:: EXERCISE DATA
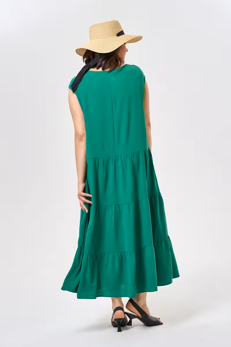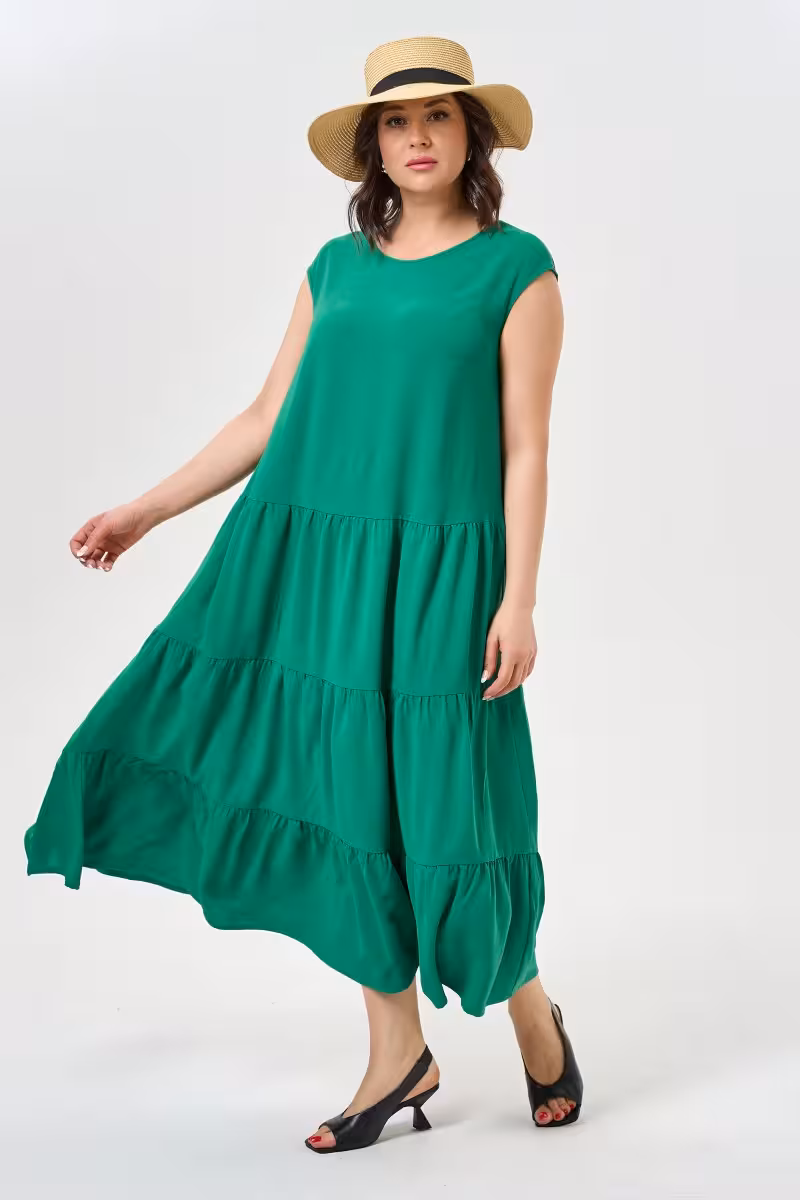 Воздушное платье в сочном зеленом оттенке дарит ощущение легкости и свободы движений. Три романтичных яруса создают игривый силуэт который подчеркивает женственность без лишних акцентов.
::::
:: EXERCISE DATA
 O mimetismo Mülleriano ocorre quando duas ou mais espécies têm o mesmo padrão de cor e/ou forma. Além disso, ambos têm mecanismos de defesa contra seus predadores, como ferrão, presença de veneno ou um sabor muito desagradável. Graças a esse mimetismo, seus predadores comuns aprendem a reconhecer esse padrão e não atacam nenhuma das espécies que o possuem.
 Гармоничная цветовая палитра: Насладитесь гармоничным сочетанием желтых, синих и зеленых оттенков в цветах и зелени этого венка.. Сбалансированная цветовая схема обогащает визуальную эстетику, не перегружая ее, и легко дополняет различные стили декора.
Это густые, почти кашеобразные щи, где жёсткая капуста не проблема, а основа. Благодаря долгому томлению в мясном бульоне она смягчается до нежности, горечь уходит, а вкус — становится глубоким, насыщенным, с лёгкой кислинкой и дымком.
::::
WHAT IS REQUIRED:
Using the data above, reproduce exactly the lines between those holding "Гармоничная цветовая палитра: Насладитесь" and "Это густые, почти", inclusive, and no others.

RESPONSE BELOW:
 Гармоничная цветовая палитра: Насладитесь гармоничным сочетанием желтых, синих и зеленых оттенков в цветах и зелени этого венка.. Сбалансированная цветовая схема обогащает визуальную эстетику, не перегружая ее, и легко дополняет различные стили декора.
Это густые, почти кашеобразные щи, где жёсткая капуста не проблема, а основа. Благодаря долгому томлению в мясном бульоне она смягчается до нежности, горечь уходит, а вкус — становится глубоким, насыщенным, с лёгкой кислинкой и дымком.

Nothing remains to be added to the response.